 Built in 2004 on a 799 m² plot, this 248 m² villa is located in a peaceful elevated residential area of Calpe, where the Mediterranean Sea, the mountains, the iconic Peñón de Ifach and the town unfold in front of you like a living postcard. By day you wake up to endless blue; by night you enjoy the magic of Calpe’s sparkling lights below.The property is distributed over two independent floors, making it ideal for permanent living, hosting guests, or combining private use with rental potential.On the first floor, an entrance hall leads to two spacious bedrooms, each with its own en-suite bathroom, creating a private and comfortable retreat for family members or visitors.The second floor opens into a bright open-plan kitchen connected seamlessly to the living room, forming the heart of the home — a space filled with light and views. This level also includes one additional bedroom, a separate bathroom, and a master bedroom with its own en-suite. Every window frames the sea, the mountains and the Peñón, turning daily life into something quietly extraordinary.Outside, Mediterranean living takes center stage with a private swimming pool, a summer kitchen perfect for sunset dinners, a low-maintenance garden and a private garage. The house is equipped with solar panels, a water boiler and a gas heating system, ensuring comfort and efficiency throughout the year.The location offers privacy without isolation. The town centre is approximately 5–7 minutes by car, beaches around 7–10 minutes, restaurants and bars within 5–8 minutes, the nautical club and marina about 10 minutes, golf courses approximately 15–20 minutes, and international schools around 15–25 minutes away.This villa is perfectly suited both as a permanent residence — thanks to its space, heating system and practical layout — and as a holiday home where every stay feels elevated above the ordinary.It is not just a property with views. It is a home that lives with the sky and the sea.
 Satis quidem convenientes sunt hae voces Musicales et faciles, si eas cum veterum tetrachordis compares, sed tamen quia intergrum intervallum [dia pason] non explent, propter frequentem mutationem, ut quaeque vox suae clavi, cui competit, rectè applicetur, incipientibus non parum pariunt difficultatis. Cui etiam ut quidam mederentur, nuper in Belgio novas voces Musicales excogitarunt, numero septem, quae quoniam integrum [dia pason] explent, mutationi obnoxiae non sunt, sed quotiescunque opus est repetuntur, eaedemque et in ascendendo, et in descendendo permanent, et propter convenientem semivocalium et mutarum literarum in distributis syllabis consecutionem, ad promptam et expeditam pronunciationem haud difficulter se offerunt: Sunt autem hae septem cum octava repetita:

...

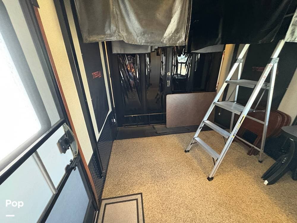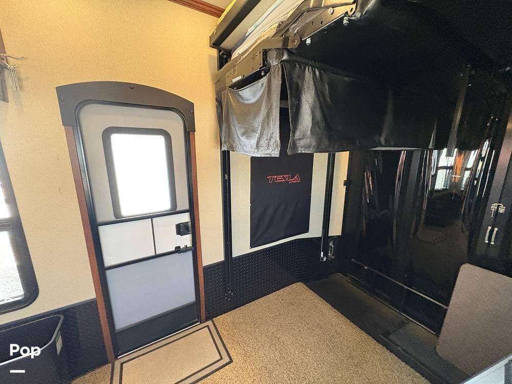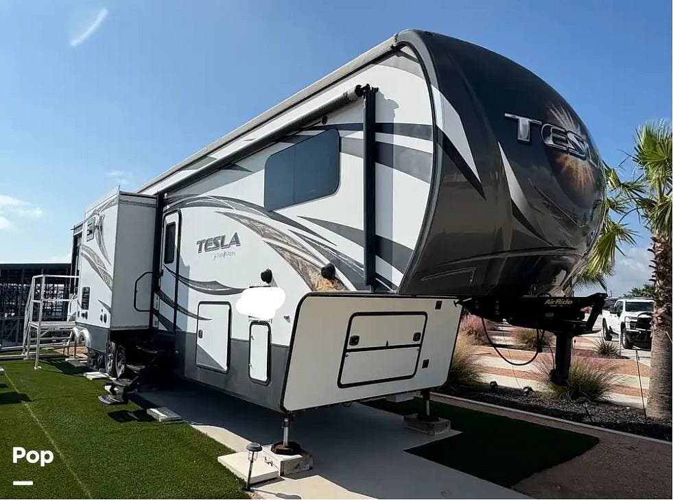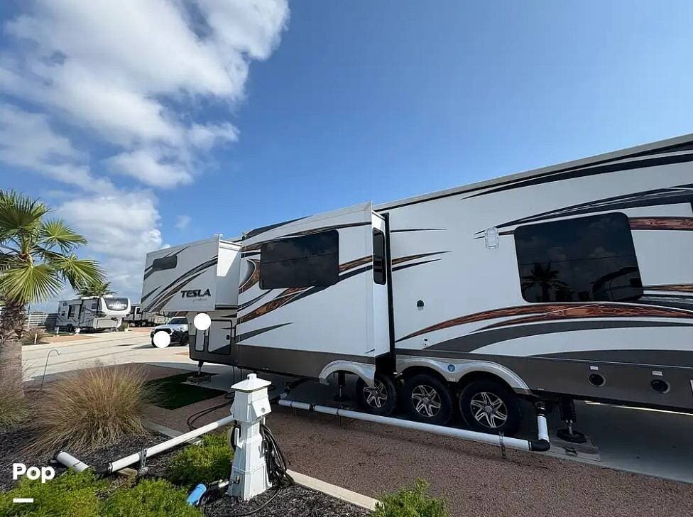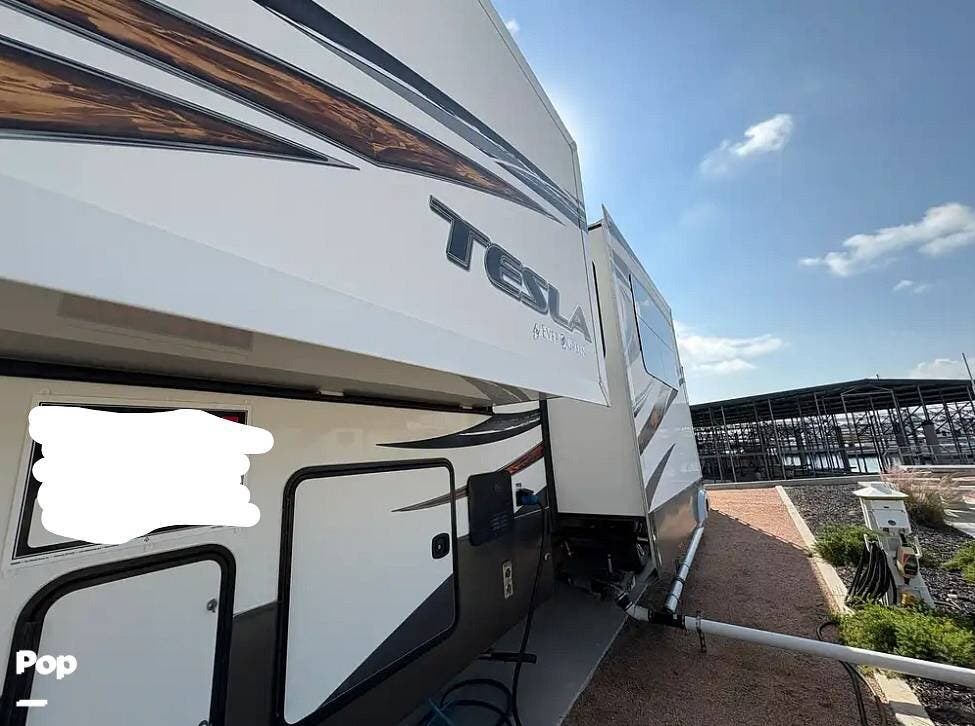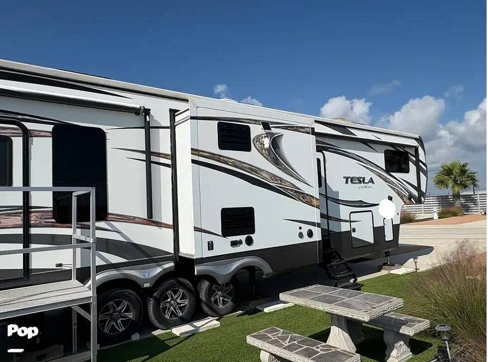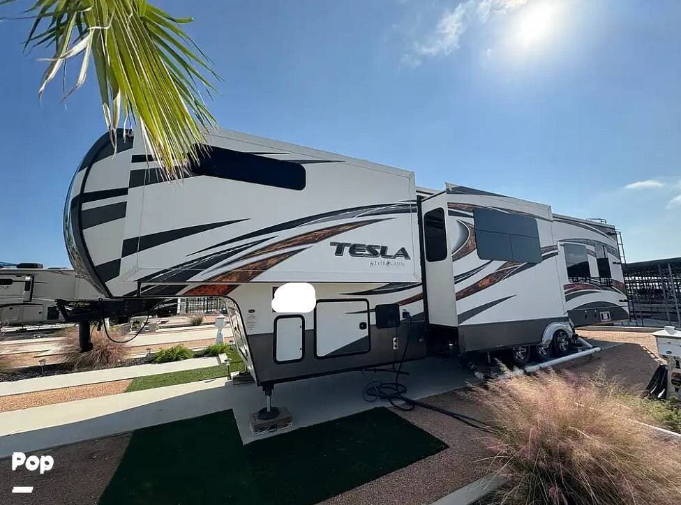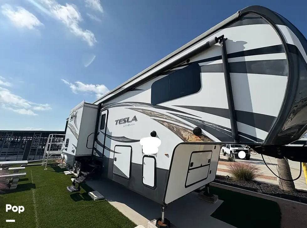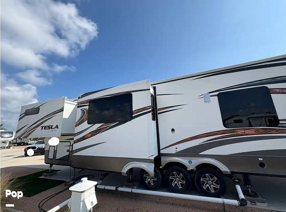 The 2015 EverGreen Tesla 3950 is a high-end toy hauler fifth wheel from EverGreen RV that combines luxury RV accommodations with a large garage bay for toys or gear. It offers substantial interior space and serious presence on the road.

...

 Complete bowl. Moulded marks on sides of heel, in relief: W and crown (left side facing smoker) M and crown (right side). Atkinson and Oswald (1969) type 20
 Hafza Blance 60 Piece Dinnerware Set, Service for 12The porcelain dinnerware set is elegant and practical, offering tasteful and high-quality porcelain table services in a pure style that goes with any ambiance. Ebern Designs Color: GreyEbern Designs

YOUR INSTRUCTIONS: Would you print exactly and only the lines of the material above that run from the line with "Complete bowl. Moulded" through the line with "Hafza Blance 60", both included?

WRITTEN REPLY:
 Complete bowl. Moulded marks on sides of heel, in relief: W and crown (left side facing smoker) M and crown (right side). Atkinson and Oswald (1969) type 20
 Hafza Blance 60 Piece Dinnerware Set, Service for 12The porcelain dinnerware set is elegant and practical, offering tasteful and high-quality porcelain table services in a pure style that goes with any ambiance. Ebern Designs Color: GreyEbern Designs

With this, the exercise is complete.